Computed tomography scan

Principle of scanner aquisition

We have an object or a human being and want to get information about its inside structure. A scanner will do the following steps to measure such information:

• Select a layer/plane, moving a motorized table.
• Select a line in the plane, moving an X-ray source.
• Send a ray (a monochromatic x-ray) following the line.
• Measure the ray's intensity after it crossed the object
• Compute the quotient of the measured intensity by the emmited intensity
• Store the result
• Repeat the process for many lines.
• Repeat for many parallel planes.

Attenuation rate

The data aquired by a scanner contains a lot of information, however, not directly interpretable by a doctor. We need information about each point. Here we have information related to the attenuation of a line that crossed the body. In order to transform the raw data to human-readable data, our first goal is to understand precisely the scanner raw data.

The attenuation equation allows to measure how much a ray of light is reduced when it crosses an object

I_r = I_eexp(-∫_Lf(x)dx)

Where:
• I_r is the emmited intensity of the ray.
• I_e is the recived intensity of the ray.
• L is the line of the ray.
• f is the attenuation function of the object.

The goal of a CT scanner is to compute the function f. It gives a lot of information about the body. Various tissues have different attenuation rates for x-ray.

The Radon's transform of a function

Johann Radon was an Austrian mathematician, he defined a transformation on functions in 1917. This transform is now named Radon in his honor.

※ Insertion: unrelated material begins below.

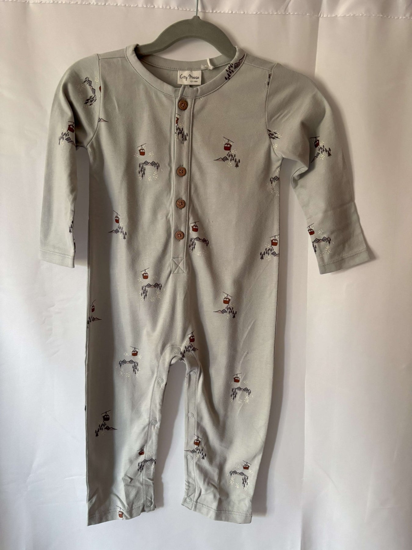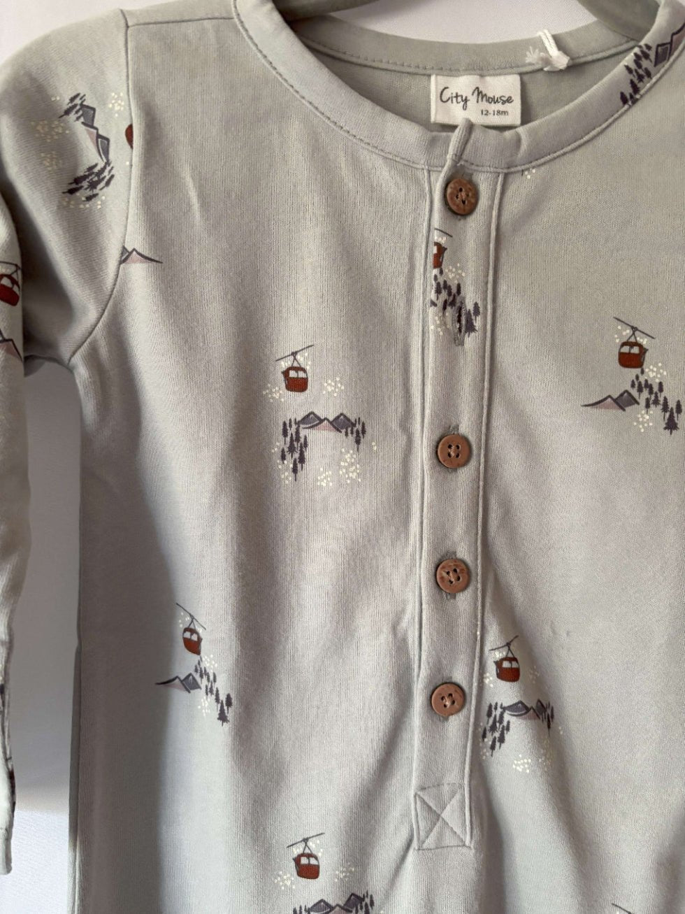 The Glacier Gondolas Henley Long Leg Romper combines cozy comfort with playful style, perfect for your little one's fall wardrobe. Crafted from soft, combed gray jersey fabric, this romper features a charming gondolas print that adds a fun touch. The henley design with snaps ensures easy dressing, while the long legs offer warmth for cooler days.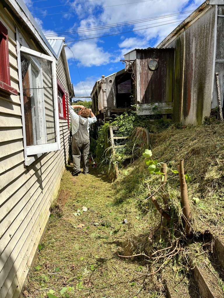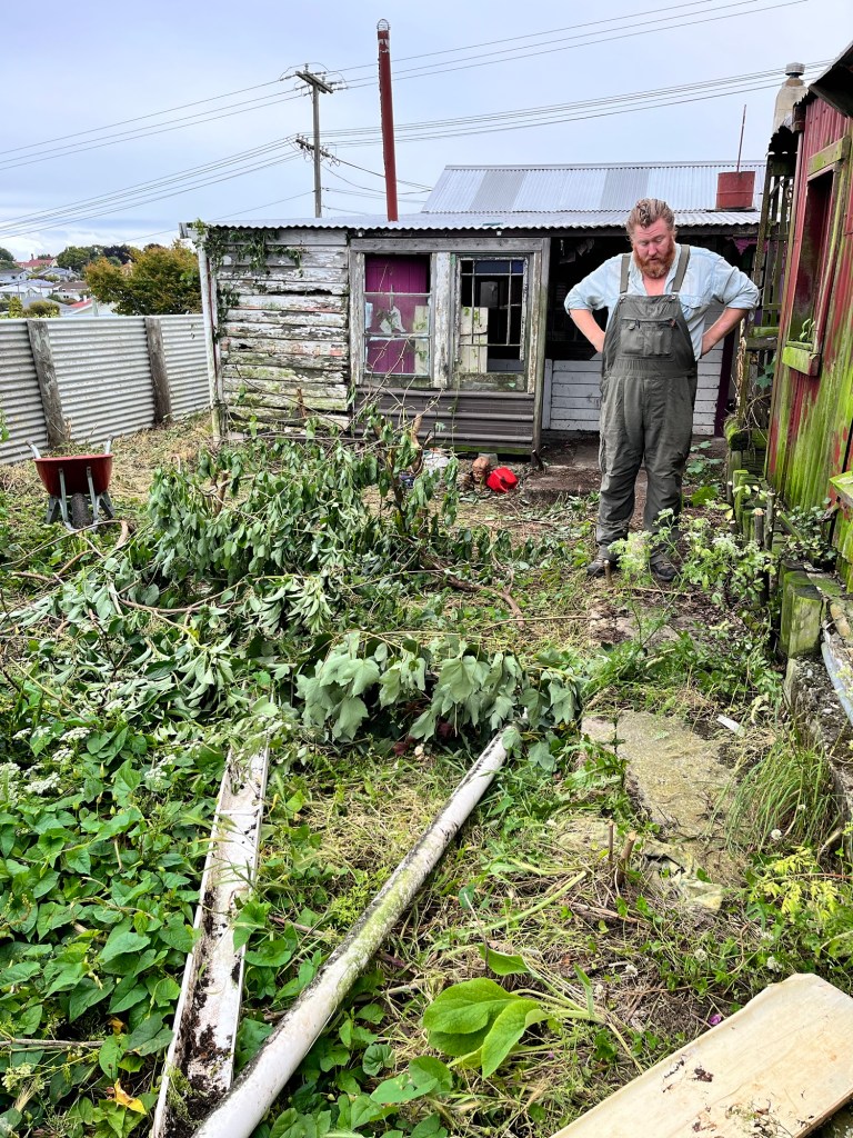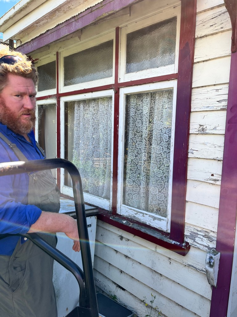 Tuesday; Feeling a bit one handed, I thought I would tackle cleaning the clawfoot bath up ready for painting. I started rust converting the feet then went on to the tub. As I attacked it with a wire brush and then started painting on the rust converter I noticed a label. Ooo fancy, this is a Royal Doulton bath, how cool. The lovely Leona comes around to chat about house layouts. I wanted to put an internal door into the toilet, making it an inside loo instead of outside. We ended up scrapping that idea. But now after another few weeks of feedback from everyone, looks like an exterior loo is not a good idea and we would be stupid not to change it. So we will add a toilet to the bathroom giving us two toilets. My poor Rowan has never dealt with extreme changes very well ends up a bit of a zombie for the rest of the day. He agrees it is for the best but it hits him like a ton of bricks. Cory is working on the shed fixing up any rotten bits and replacing them. Rowan is helping a bit. I also am a bit lost as what do we do next? Obviously plumbers and builders are now needed. I call around then end up sorting screws and tools out with my limited hand uses. That afternoon we contact the Otago Regional Council to see what we need to do for a resource consent for our earthworks. I point out that there are definitely homes in the area built close to the stormwater drain. Fingers crossed it isn’t as scary as our surveyor thinks it can be. The silliest thing is this is a pre application application, to determine if it is going to be easy or not. It will cost us for them to give us advice. The cheapest employee at the council is an admin at $150 per hour. It is a bit ridiculous, but it needs to be done. You may get a giggle out of our email subject line!

Moreover, Radon proved that his transformation is invertible. One can compute back the original function from its transform.

Let f: ℝ²→ℝ be a function. The Radon's transform of f is a function defined on the set of all lines, by the following formula for a line L.

$R$f(L) = ∫_Lf(x)dx

Observe that up to $-log$ a scanner measures the Radon transform of our function of interest f. In order to complete a CT Scan we only need to inverse the Radon transform, which was done by Radon a century ago.

Polar parametrisation for lines

The Radon's transform of a function is defined on the set of all lines, which is not convenient for representation, as this set might be hard to visualize. However, for each line we can associate a real number ρ and an angle α in [0,π] which uniquely represent the line.

Consider a line L, denoted by P the line that goes through the origin O and is orthogonal to L. Let I be the intersection of P and L. We set ρ to be the measure of OI (positive if I is in the upper half-plane and negative if I is in the lower half-plane). Moreover α is the (line) angle that forms between the L and P. Reversing the construction, we can define L_ρ,α=L.

The points of the line L_ρ,α=L can be parametrized by the real numbers using the following formula:

L_ρ,α(t) = (ρcosα-tsinα, ρsinα+tcosα)

We can rewrite the formula for the Radon's transform of f.

Rf(ρ,α) = ∫_ℝf(ρcosα-tsinα, ρsinα+tcosα)dt

This formula allows to display Radon's transform as images, indeed by taking the angle α on the horizontal axis and distance ρ on the vertical axis, we associate numbers to points of the planes, which defines an image.

We show above a circle and its Radon's transform. Observe that the columns of the Radon transform are all the same. Indeed due to the rotational symmetry of the circle, the integral does not depend on the angle, but only on the distance to the origin.

Inverse Radon's transform

Using several transforms, including Fourier's direct and inverse transform, Radon, was able to find an algorithm to compute the inverse of Radon's transform. This result remains dormant for over fifty years before it was first used for inverting scanner acquisition, and so obtaining the attenuation rate of an object.